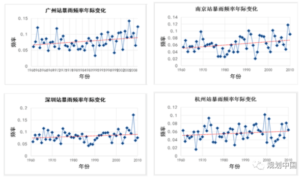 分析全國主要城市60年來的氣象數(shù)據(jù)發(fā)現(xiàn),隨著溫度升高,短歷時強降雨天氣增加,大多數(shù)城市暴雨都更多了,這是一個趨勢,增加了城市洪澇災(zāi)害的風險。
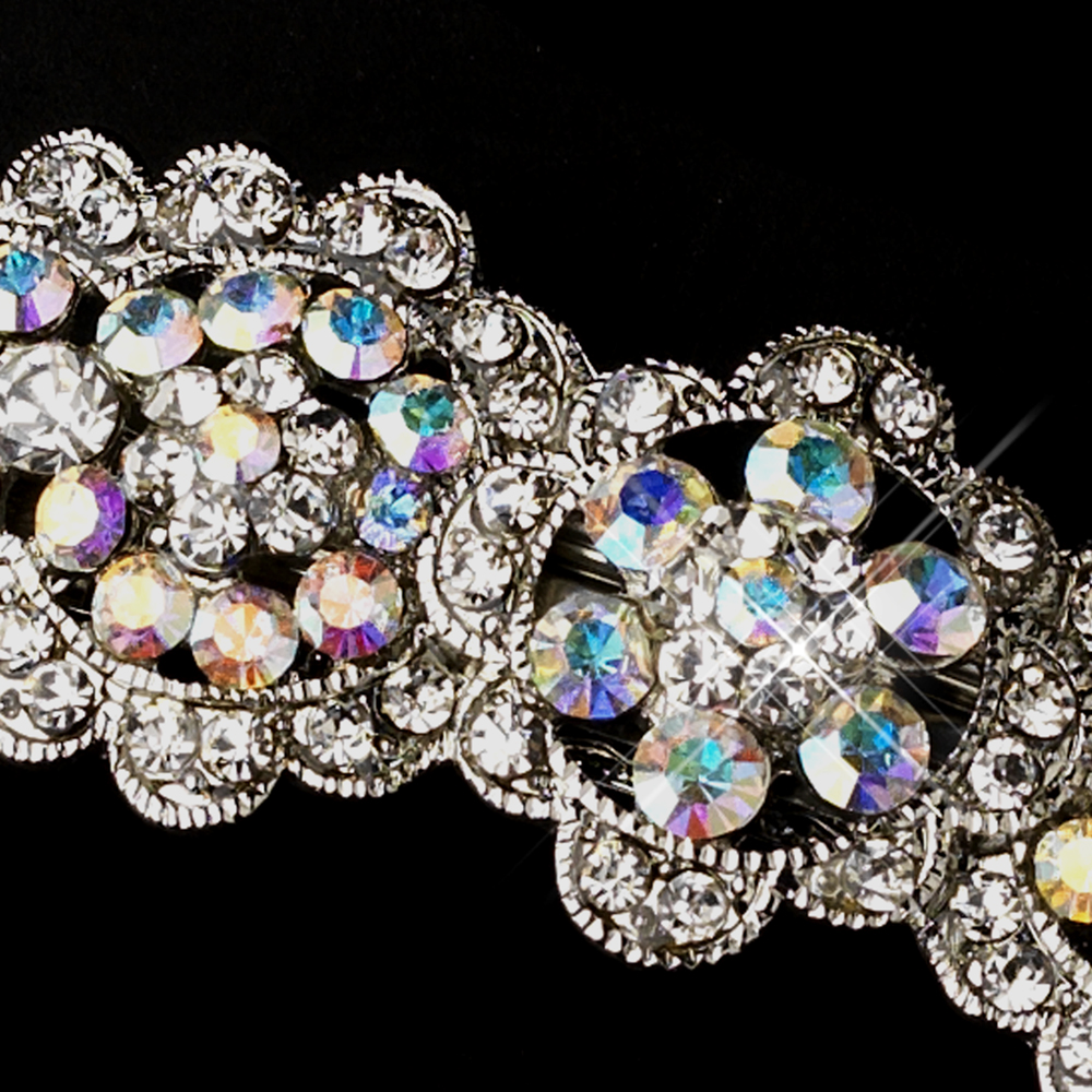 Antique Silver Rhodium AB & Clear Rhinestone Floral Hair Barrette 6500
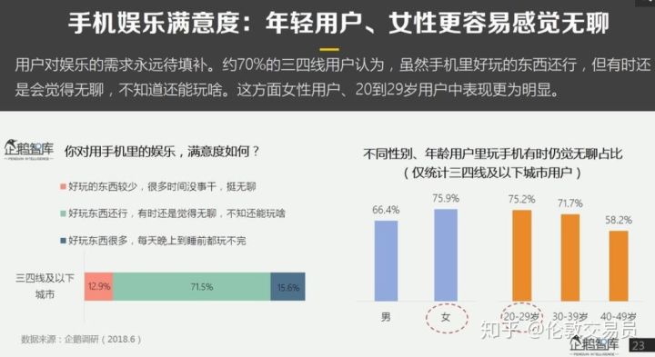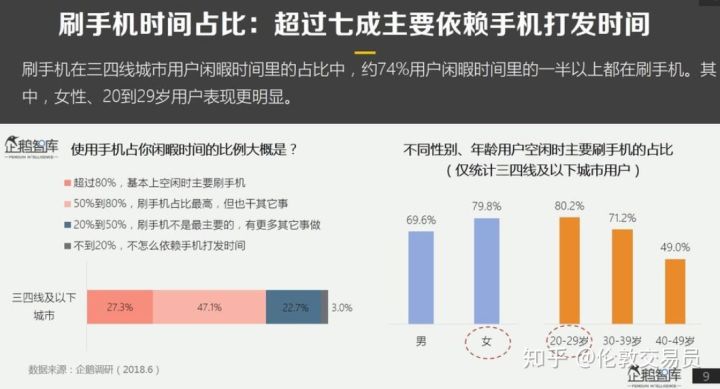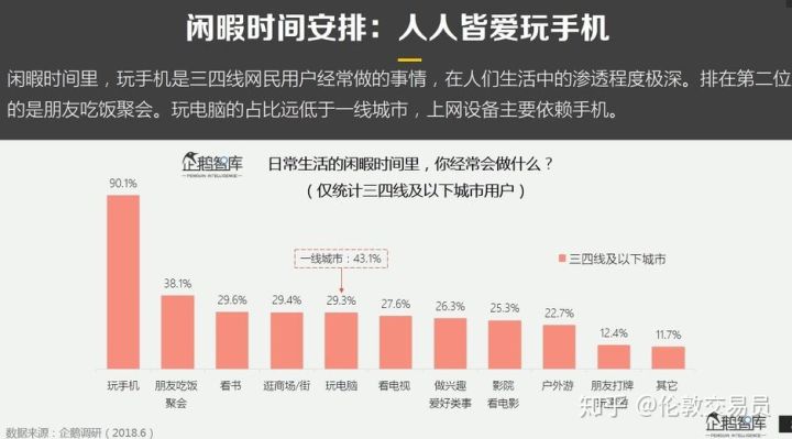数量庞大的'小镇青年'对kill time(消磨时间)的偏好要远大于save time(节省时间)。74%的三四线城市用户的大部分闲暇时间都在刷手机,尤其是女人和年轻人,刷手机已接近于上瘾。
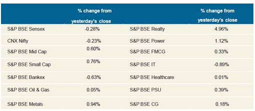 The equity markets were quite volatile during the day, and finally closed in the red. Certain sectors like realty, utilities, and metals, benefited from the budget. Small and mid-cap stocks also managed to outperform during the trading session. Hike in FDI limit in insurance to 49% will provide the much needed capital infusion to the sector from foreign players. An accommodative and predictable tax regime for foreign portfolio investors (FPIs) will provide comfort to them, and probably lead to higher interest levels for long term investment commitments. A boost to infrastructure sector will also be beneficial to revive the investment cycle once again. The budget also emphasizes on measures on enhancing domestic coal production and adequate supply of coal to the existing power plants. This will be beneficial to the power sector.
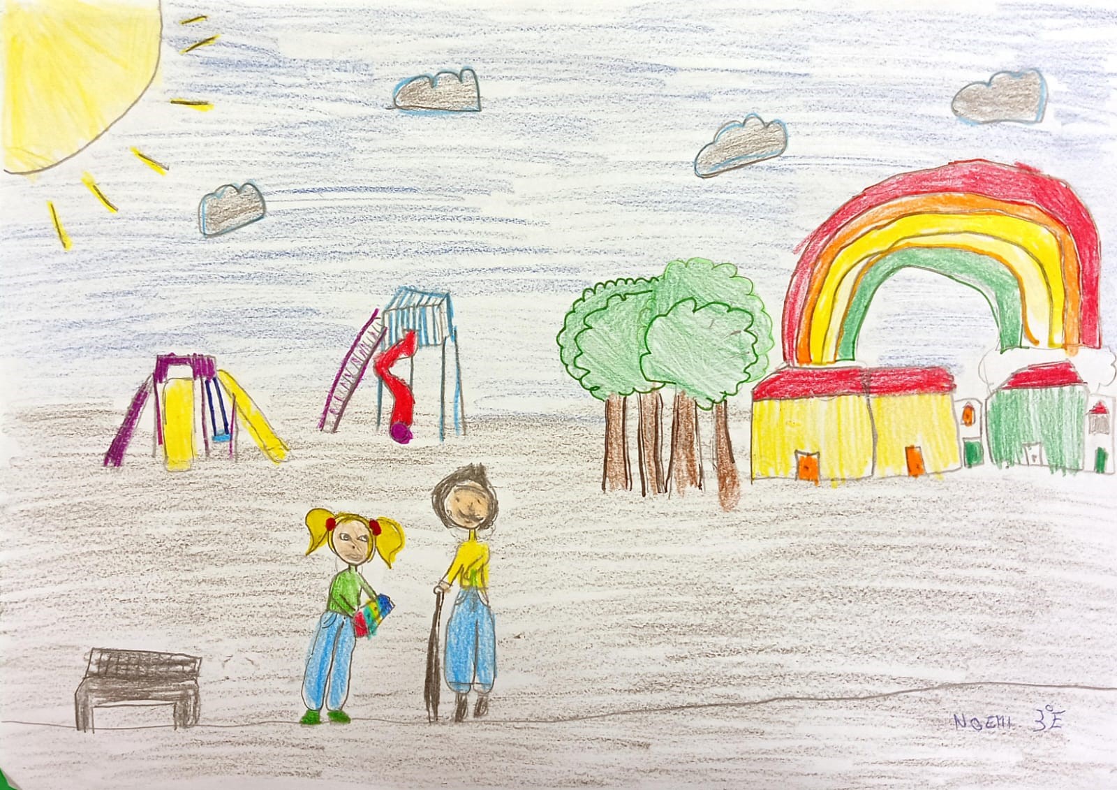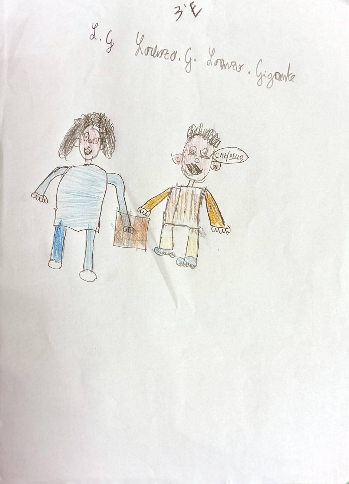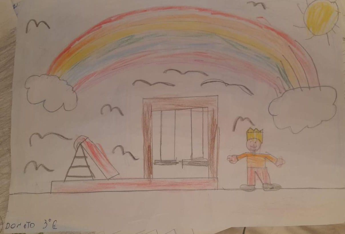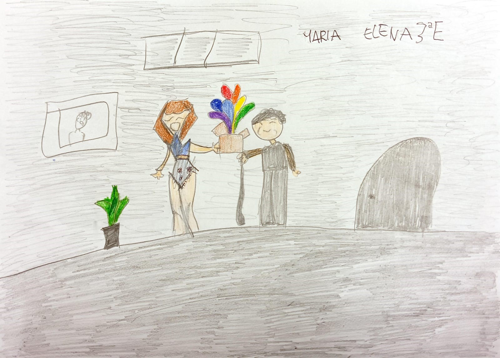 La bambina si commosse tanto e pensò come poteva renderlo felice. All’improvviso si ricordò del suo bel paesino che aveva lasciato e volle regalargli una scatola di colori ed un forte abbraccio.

......

- _Task statement_:
Your answer must be an exact copy of the lines above, from the line that contains "Antique Silver Rhodium" through the final line, with no pictures in it.

- _Solution to this task_:
 Antique Silver Rhodium AB & Clear Rhinestone Floral Hair Barrette 6500
数量庞大的'小镇青年'对kill time(消磨时间)的偏好要远大于save time(节省时间)。74%的三四线城市用户的大部分闲暇时间都在刷手机,尤其是女人和年轻人,刷手机已接近于上瘾。
 The equity markets were quite volatile during the day, and finally closed in the red. Certain sectors like realty, utilities, and metals, benefited from the budget. Small and mid-cap stocks also managed to outperform during the trading session. Hike in FDI limit in insurance to 49% will provide the much needed capital infusion to the sector from foreign players. An accommodative and predictable tax regime for foreign portfolio investors (FPIs) will provide comfort to them, and probably lead to higher interest levels for long term investment commitments. A boost to infrastructure sector will also be beneficial to revive the investment cycle once again. The budget also emphasizes on measures on enhancing domestic coal production and adequate supply of coal to the existing power plants. This will be beneficial to the power sector.
 La bambina si commosse tanto e pensò come poteva renderlo felice. All’improvviso si ricordò del suo bel paesino che aveva lasciato e volle regalargli una scatola di colori ed un forte abbraccio.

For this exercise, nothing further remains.